^ Parametric Models for Large-Scale Agent Systems G. A. Agha,* N. Jamali, P. Thati, R. Ziaei Defense Advanced Research Projects Agency, F30602-00-2-0586
A goal of this research is to develop mathematical models to support the analysis and modeling of complex, large-scale agent systems. Instead of simple nondeterminism, the new theory will represent behavior stochastically. Moreover, instead of the current approach of using input-output behavior of individual agents, it will allow the behavior to be parametric in terms of variables that represent aggregated behavior of large numbers of agents. The approach is to use stochastic methods. The operational model uses probabilistic transitions over an abstract representation of the current state of the system. The use of statistical techniques on this model for aggregating behaviors opens up the possibility of studying conditions under which either a stable equilibrium or chaotic behavior may occur. Another goal is to develop a radically different logical framework for expressing properties of large-scale agent systems. The framework is inspired by Quantum Logics, which allow the expression of testable properties. This is in contrast to the usual algebraic approach which assumes that every sentence (whether testable or not) can be assigned a truth value. Specifically, this research will enable macroscopic properties to be expressed without implying assertions about how they arise.
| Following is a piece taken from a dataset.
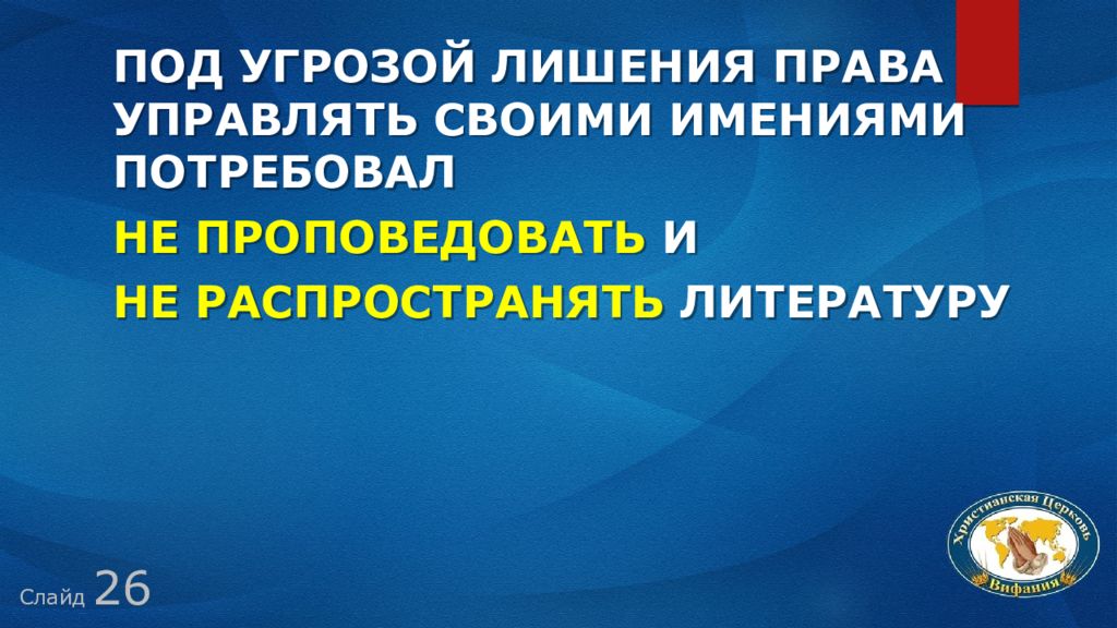 Слайд 26 Под угрозой лишения права управлять своими имениями потребовал не проповедовать и не распространять литературу

^ Learning Theory D. Roth* National Science Foundation, IIS-9801638; National Science Foundation, CAREER Award, IIS-9984168
This is a study of several questions in learning theory that pertain to the problem of learning a number of concepts from common data. The study encompasses interactions and constraints imposed on outcomes. The main direction is the development of a theoretical framework for learning coherent concepts. This is a study of learning situations in which learning does not occur in isolation. Rather, the input is observed and processed by multiple learners. The goal is to understand what ways learning becomes easier and more robust in these situations.
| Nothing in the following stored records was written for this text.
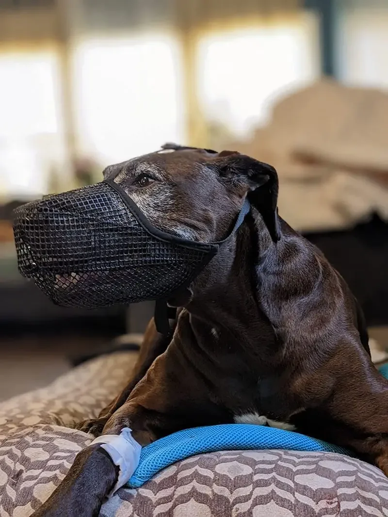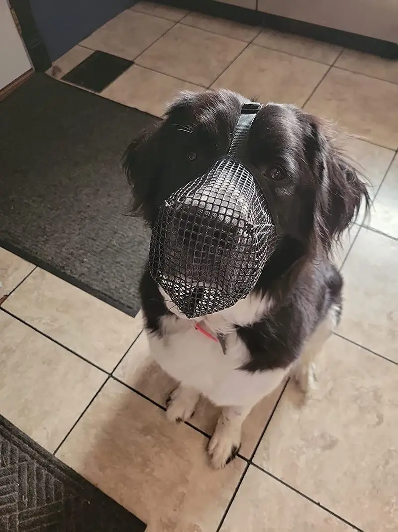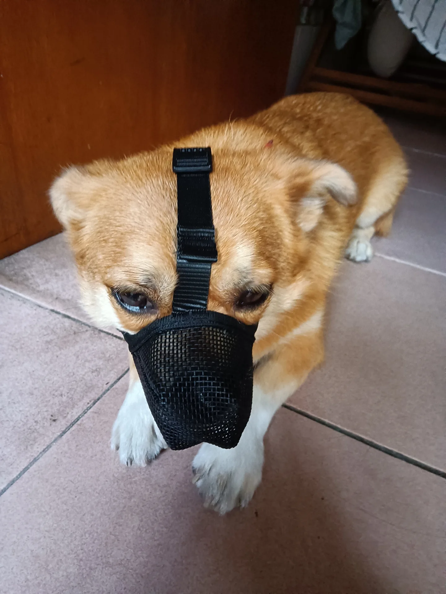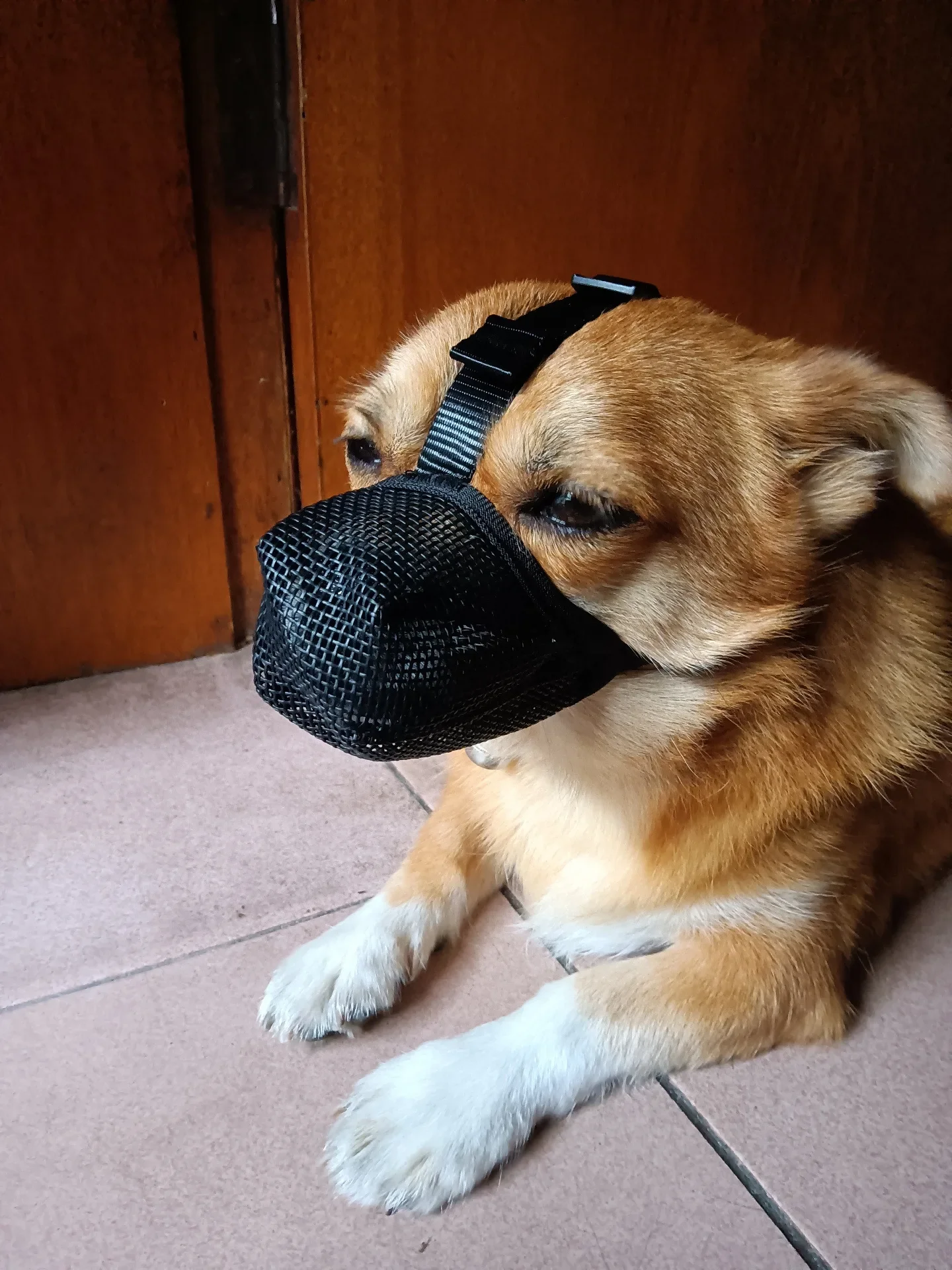 Comprar Cubierta para la boca del perro ajustable y transpirable, color negro, máscara para perros al aire libre para prevenir el dolor de morder y comer, máscara para mascotas de malla de nailon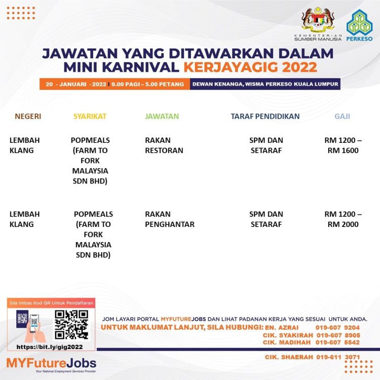Bagi yang berminat, anda boleh dapatkan maklumat lanjut program yang akan dilaksanakan dan semak senarai jawatan ditawarkan di perkongsian bawah. Pastikan anda buat pendaftaran sebelum hadir ya!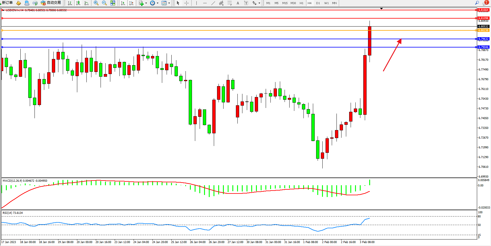 交易策略:6.80238上方看涨,目标6.81098、6.81664

^ Eigenvalue Problem for Graph Theory S. H. Teng* Alfred P. Sloan Research Fellowship
The graph eigenvalues and eigenvectors have been used in optimization problems that are important to information organization and parallel processing. For example, the Fiedler vector (the eigenvector of the second-smallest eigenvalue of the Laplacian matrix) can be used to find good partition of a graph, an important component of many circuit design and numerical algorithms. This method has been demonstrated by experiment to work extremely well. However, the quality of the partition has eluded precise analysis. Goals of this project are to find a mathematical explanation for why this method works in practice and then to determine how to properly use the spectral structure of a graph to design provably good optimization algorithms.